このため、中小・小規模事業者の経営の改善を図るため、需要開拓や事業承継等の事業者が抱える経営
課題に対し、事業計画の策定や着実な実施等を事業者に寄り添った伴走型の支援を行うとともに、人材育
成、販路拡大など企業経営に資する講習会・セミナーの開催、金融支援、巡回・窓口相談の強化など、経
営支援により一層努める。
観光振興については、来年3月の北海道新幹線開業に向けて青函の連携をはじめとした広域連携事業に
積極的に取り組むとともに、観光客誘客による交流人口拡大のための事業に磨きをかけ、多様な観光商品
の造成と情報発信を行う。
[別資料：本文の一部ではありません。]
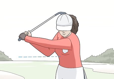 Move the handle of the club first to start your backswing. Begin to bring the club behind you by first moving your hands and the handle of the club. Use a smooth and fluid motion. The clubhead will lag behind slightly as you start your backswing. Avoid snappy or jerky movements or you may miss the ball or send it off target.
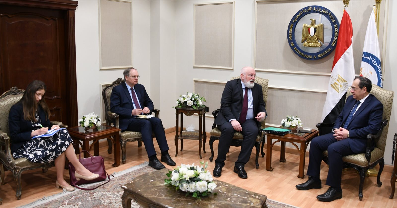 استقبل المهندس طارق الملا وزير البترول والثروة المعدنية فرانس تيمرمانس نائب رئيس مفوضية الاتحاد الأوروبي للصفقة الأوروبية الخضراء والمفوض الأوروبي للعمل المناخي والوفد المرافق له حيث تم بحث مجالات التعاون المختلفة بين مصر والاتحاد الأوروبي وخاصة في مجالات الطاقة وسبل تكامل جهود التحول الطاقى وتعزيزها لتحقيق المستهدفات المرجوة للحفاظ على المناخ والبيئة، كما تم استعراض الفرص المتاحة لزيادة مجالات التعاون في اطار العلاقات المتميزة والتاريخية بين الجانبين خاصة في مجالات الهيدروجين والغاز والكهرباء.
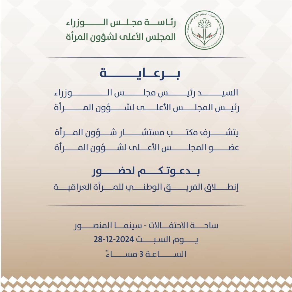 تلبية لدعوة السيد رئيس مجلس الوزراء ورئيس المجلس الاعلى لشؤون المراة /مكتب مستشار شؤون المراة لحضور اطلاق ( الفريق الوطني للمراة العراقية)
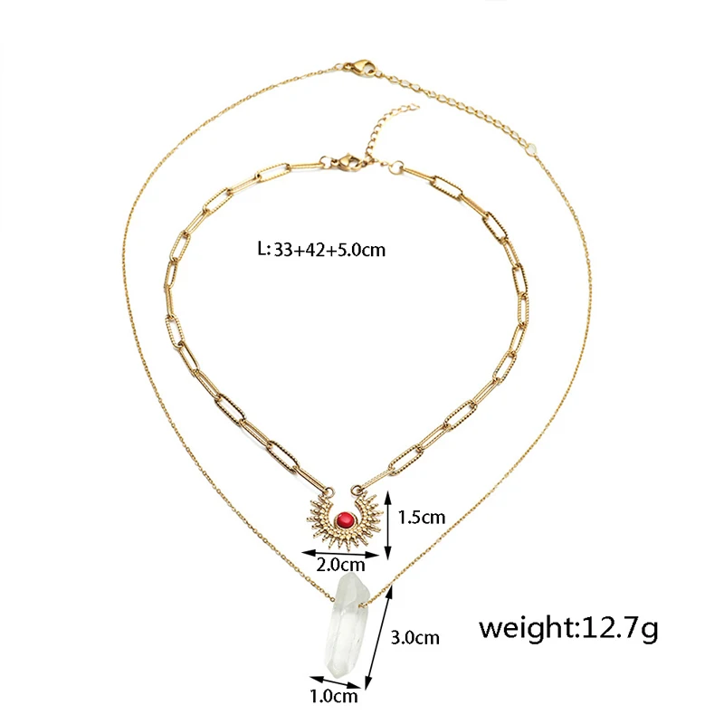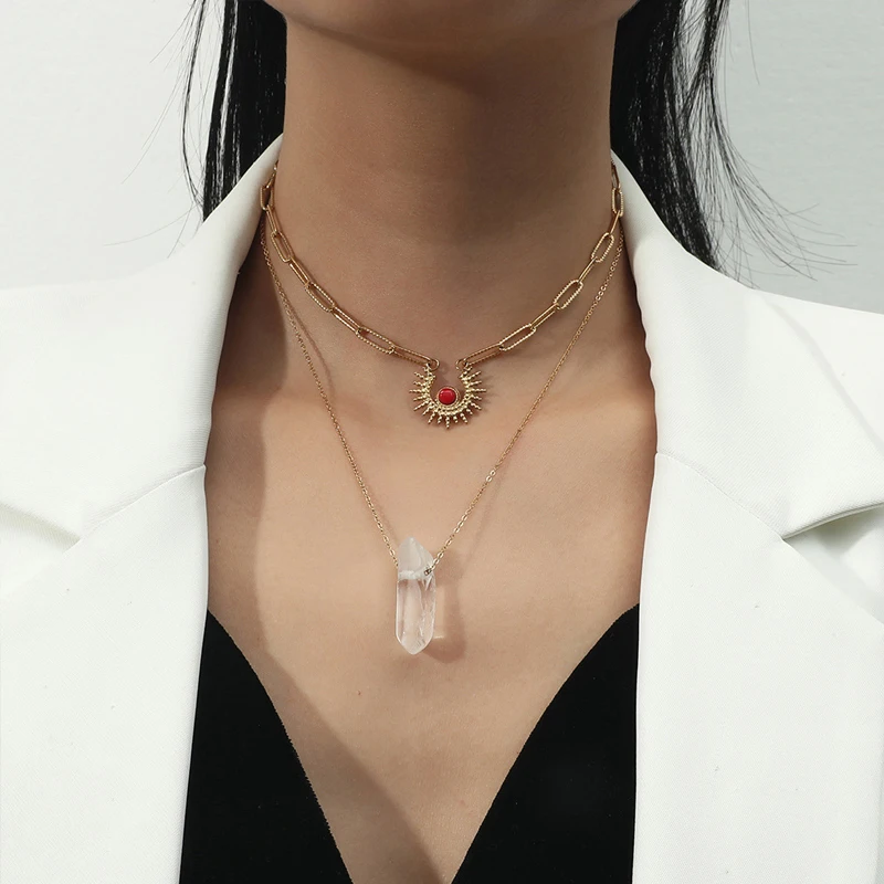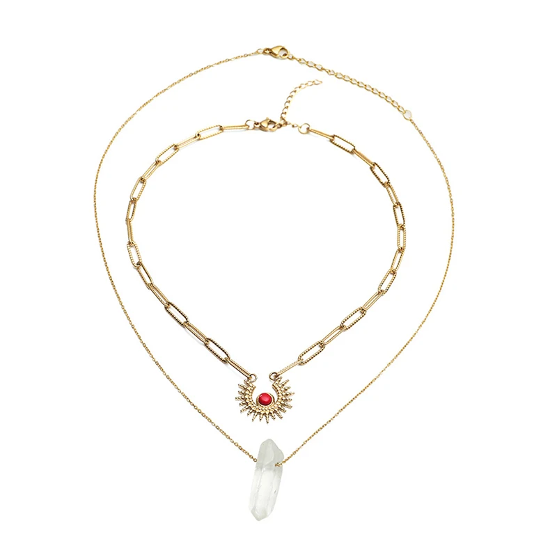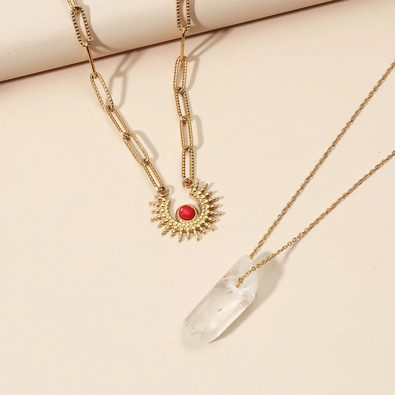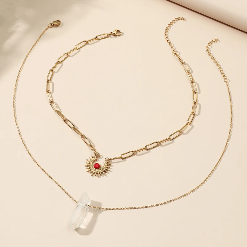 Ожерелье-чокер женское многослойное из нержавеющей стали с подвеской в виде солнца

インバウンドについては、7月31日、国際会議観光都市に認定された青森市
並びに青森観光コンベンション協会と連携し、スポーツコンベンションやインセンティブツアーなどのM
ICE誘致を推進する。
また、魅力あるまちづくりを推進するために、ソフト・ハードの両面から中心市街地並びに市内商店街
の賑い創出に向けた取り組みを支援するとともに、AOMORI春フェスティバル事業や、バル街事業、
市内5大学と連携して実施する「まちなかキャンパス」事業など、中心市街地活性化や商店街振興に積極
的に取り組む。
さらに、県・市との重点課題に関する懇談会開催など、行政等との情報共有を図り、会員の意見・要望
を取りまとめ、効果的な要望活動を積極的に展開するとともに、より多くの商工業者の意見を反映させ、
組織エネルギーを結集した事業展開や政策提言活動の充実を図るため、議員、部会、青年部、女性会、事
務局が一体となった会員増強活動を実施する。